Redaction (along with its bedfellows censorship and erasure) may be the archetypal bugbear of democracy—one only has to point to examples like Joseph Stalin’s excising disfavoured figures from Soviet history to stir up fears of state paternalism and oppression. Nevertheless, the increasingly fraught political and media landscape of today’s West may also be prompting a kind of redaction renaissance. As free speech is rebranded into a right-wing dog whistle, socially minded activists are embracing a variety of mechanisms—including no-platforming, the de-installation of controversial public monuments and the direct censorship of fake or overtly partisan news—designed to limit the dissemination of certain popular ideologies. Even on a personal level, I’ve found myself compelled to shake up academic and social media echo chambers by consciously revising which cultural sources I consume. Despite the emotional pitch of redaction’s more public forms, it’s this private dimension that sticks with me. How is it that redaction, infamous for its use in manipulating societal attitudes, can also bring about individual growth and transformation?
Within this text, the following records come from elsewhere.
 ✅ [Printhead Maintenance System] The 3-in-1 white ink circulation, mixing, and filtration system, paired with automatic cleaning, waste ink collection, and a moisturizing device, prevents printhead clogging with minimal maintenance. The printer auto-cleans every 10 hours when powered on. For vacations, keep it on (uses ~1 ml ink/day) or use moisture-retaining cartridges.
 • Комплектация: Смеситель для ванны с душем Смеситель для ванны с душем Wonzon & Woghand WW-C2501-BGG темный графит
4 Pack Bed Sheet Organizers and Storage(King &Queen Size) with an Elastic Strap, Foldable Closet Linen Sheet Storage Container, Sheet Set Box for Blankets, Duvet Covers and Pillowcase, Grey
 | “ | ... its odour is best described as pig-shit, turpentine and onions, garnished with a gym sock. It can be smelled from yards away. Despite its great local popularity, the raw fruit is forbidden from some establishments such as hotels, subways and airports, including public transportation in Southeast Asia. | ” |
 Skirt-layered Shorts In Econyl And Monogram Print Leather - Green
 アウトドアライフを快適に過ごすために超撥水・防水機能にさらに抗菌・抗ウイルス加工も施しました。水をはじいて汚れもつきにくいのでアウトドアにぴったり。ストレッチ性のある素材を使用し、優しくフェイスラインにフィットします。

In her curatorial essay for the Koffler Gallery and Critical Distance Centre for Curators’ “Through Lines,” Noa Bronstein is right in suggesting that redaction is of particular importance to artists—not only because of their historical concern for social justice, but because artistic practice looks beyond the question of what realities are recorded to how they are remembered and understood. Turning the tables on redaction is hardly new to the arts: while William Burroughs’s cut-ups sought to revive the repressed ultra-reality of mid-century news media by using its own processes of omission and disjunction against it, his successor Tom Phillips celebrated civil and sexual liberation by drawing, painting and collaging over 19th-century conservative tracts. “Through Lines,” however, proposes that remaking redaction for the 21st century means more than simply updating its ideological commitments. Rather, the show highlights how the covered-up, the cut-off and the simply not-there shape not only our access to information, but also the epistemic and aesthetic subjects who absorb and act on it—in other words, us.
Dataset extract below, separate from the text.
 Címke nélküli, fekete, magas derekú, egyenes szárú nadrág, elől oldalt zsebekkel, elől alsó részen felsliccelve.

Nadia Myre’s Indian Act, visible on Artscape Youngplace’s outdoor billboard and inside at the Koffler Gallery, is both the show’s oldest work and its conceptual anchor. First exhibited as part of “Cont[r]act” at Montréal’s Oboro Gallery in 2002, the work features all 56 pages of the eponymous government act overlaid with sewn-in red and white beads: white for the settler government’s printed words, and red for the ground upon which they were imposed. Visually and symbolically, Indian Act masters the juxtaposition of invisibility and illumination that defines postmodernist redactions like Rauschenberg’s Erased de Kooning Drawing, redeploying it toward a discussion of settler/Indigenous relations sorely lacking from the canon. More importantly, however, Myre emphasizes the processes of personal and collective transformation required by reconciliation as a social project. Rather than framing the images as works of conceptual genius, her narrative of Indian Act’s creation foregrounds more than 200 diverse individuals’ participation in the laborious, but also invigorating, process of beading (in a September 15th public talk held in conjunction with the show, she even spoke of the catharsis of violently tearing into the legislation’s pages). This communitarian aspect of the 2002 project is highlighted in three 2014 prints, each titled Orison, that document the idiosyncratic thread patterns left on the backs of the Act’s pages by individual beaders.
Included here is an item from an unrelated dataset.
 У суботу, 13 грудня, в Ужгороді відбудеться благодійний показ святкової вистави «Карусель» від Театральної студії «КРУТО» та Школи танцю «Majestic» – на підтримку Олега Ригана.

Where Myre traces redaction’s crossing from oppressive act to collaborative practice, Anishinaabe artist Maria Hupfield’s six photographic works (exhibited in Critical Distance’s separate exhibition space on Artscape Youngplace’s third floor) implicate the viewer directly in their unfoldings of information and identity. Appropriating photographs from Hupfield’s own 2007 series “Counterpoint,” these works cover one of the two figures in each original composition with a patch of grey felt, disrupting our engagement with what are otherwise big, bold and eminently consumable images. While “Counterpoint” dramatizes Hupfield’s misrecognition at the hands of broader cultural blindnesses, the interventions included in “Through Lines” restore her individuality by presenting her singularly within each scene. Yet, this restoration takes place only through new forms of conflict and resilience: while some pieces frame Hupfield against scene-destroying blocks of homogenous noise, others trace the contour of her fellow model with terrifying accuracy. In every case, however, Hupfield forces the viewer to account for their own navigation through the image. Where the spectacle of Indigenous women’s bodies is itself a form of erasure, personhood is always filtered through this interplay of visibility and disappearance.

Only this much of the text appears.